Applicants’ Authorities and Submissions

  1. Mr Potts submitted that the prohibition referred to in s.53(3)(b) of the Bankruptcy Act applies to legal proceedings “in respect of” a provable debt is of very wide import and referred the Court to the decision of his Honour, Wilcox J, in Aztech Science Pty Ltd v Daevys [2005] FCA 1828. Mr Potts contended that, in that instance, even though the proceedings in the Supreme Court no longer sought damages against the bankrupt that were sought in the original statement of claim, Wilcox J still concluded it was correct to grant leave to the applicant to take fresh steps to continue with the Supreme Court proceedings as they were a “legal proceeding in respect of a provable debt”. 

  2. Mr Potts also referred the Court to the decision of the Full Court of the Federal Court in Melnik v Melnik (2005) 144 FCR 141. In that case their Honours Spender, Hill and Finn JJ also discussed whether related proceedings between former spouses was “in respect of” a provable debt and found that the related proceedings had been instituted because the applicant had failed to pay the $79,000 ordered by Jerrard J of the Family Court, before subsequently filing a debtor’s petition.

  3. Mr Potts argued that in these proceedings the Court should take a similar view to that of Wilcox J in Aztech (supra) and although the specific application the Applicants seek leave to bring in the Supreme Court relates to the disposition of the bankrupt’s property (now vested in the Trustee) to the Applicants, the Supreme Court Proceedings as a whole seek the taking of accounts and other related orders, which appear to be “in respect of” a provable debt.

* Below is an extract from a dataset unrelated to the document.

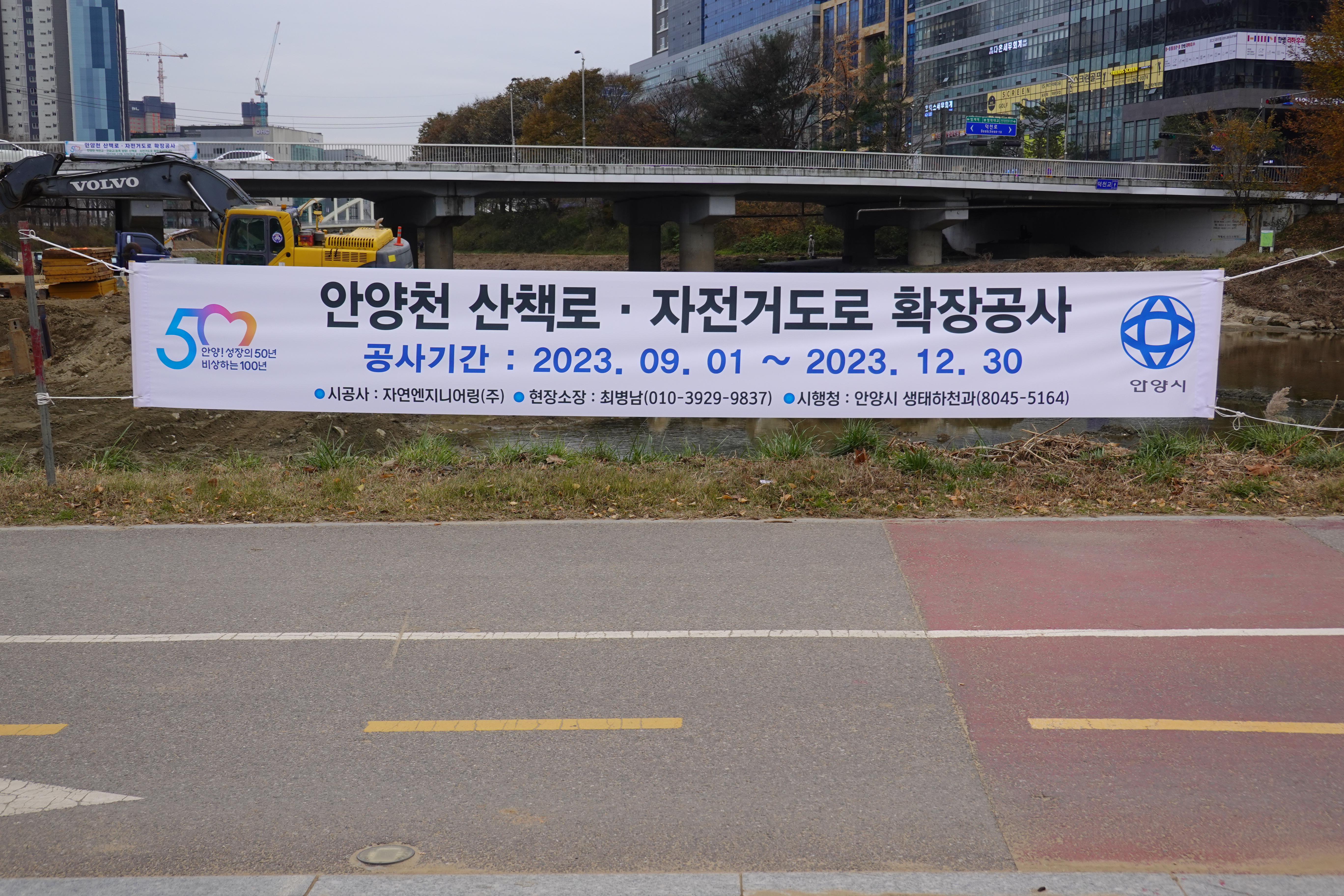 도시사진기록/골목풍경 [20231126]안양천 동쪽길(쌍개울-호안교) 통행금지 안양똑딱이 2023. 11. 27. 10:27 2023.11.26/ #도시기록 #안양천 #공사중/ 안양천 산책로.자전거도로 확장공사로 쌍개울에서 군포방향 안양천 동쪽길 통행금지. 쌍개울 학의천다리부터 안양천 호안교까지 전면 통제중으로 서쪽길로 우회해야 한다. 저작자표시 비영리 변경금지 (새창열림)

  4. It was submitted by Mr Potts that, in any event, leave may be granted without determining whether s.58(3) was enlivened and referred the Court to his Honour Jacobson J’s decision in Stoker (in her capacity as a trustee of the estate of the late Starr) v Starr [2011] FCA 746 where his Honour referred to a judgment of the Full Court in Allanson v Midland Credit Ltd (1977) 16 ALR 43 at 48 and 49 where their Honours Bowen CJ, Riley and Deane JJ found accordingly. Jacobson J identified a number of reasons why he was prepared to grant leave and Mr Potts contended that there are similar circumstances in the proceedings before this Court.

  5. Mr Potts indicated that to the extent that there may be doubt about the necessity of leave being granted, particularly in the absence of any concession by the trustee that leave is not necessary, the court may grant leave as the related applications often contain “difficult and complex questions of law and fact” per Jacobson J in Stoker (supra).  The court may adopt the course undertaken by French J (as his Honour then was) in Norilya Minerals Pty Ltd, Re Ireland v Ireland (as named executor of the estate of Dean Edward Ireland) [2006] FCA 1235 where his Honour made orders pursuant to s.58(3)(b) of the Bankruptcy Act in the following terms:

    1.  If and to the extent that the proceeding issued by the applicant … constitutes or includes a claim provable in the bankruptcy … the applicant have leave to take further steps in the Civil Action up to and including the entry of final judgment.

  6. Mr Potts referred the Court to the judgment in Allanson v Midland Credit Ltd and Anor (supra) which was, similarly, an application under s.58(3) of the Bankruptcy Act. At 48 their Honours stated:

    … The facts are complex. … It would seem that all of these issues would be better and more comprehensively dealt with by a contested trail of the action in the Supreme Court than could possibly be the case if Midland Credit were required to lodge a proof of debt in respect of its claim against Mr Allanson alone. …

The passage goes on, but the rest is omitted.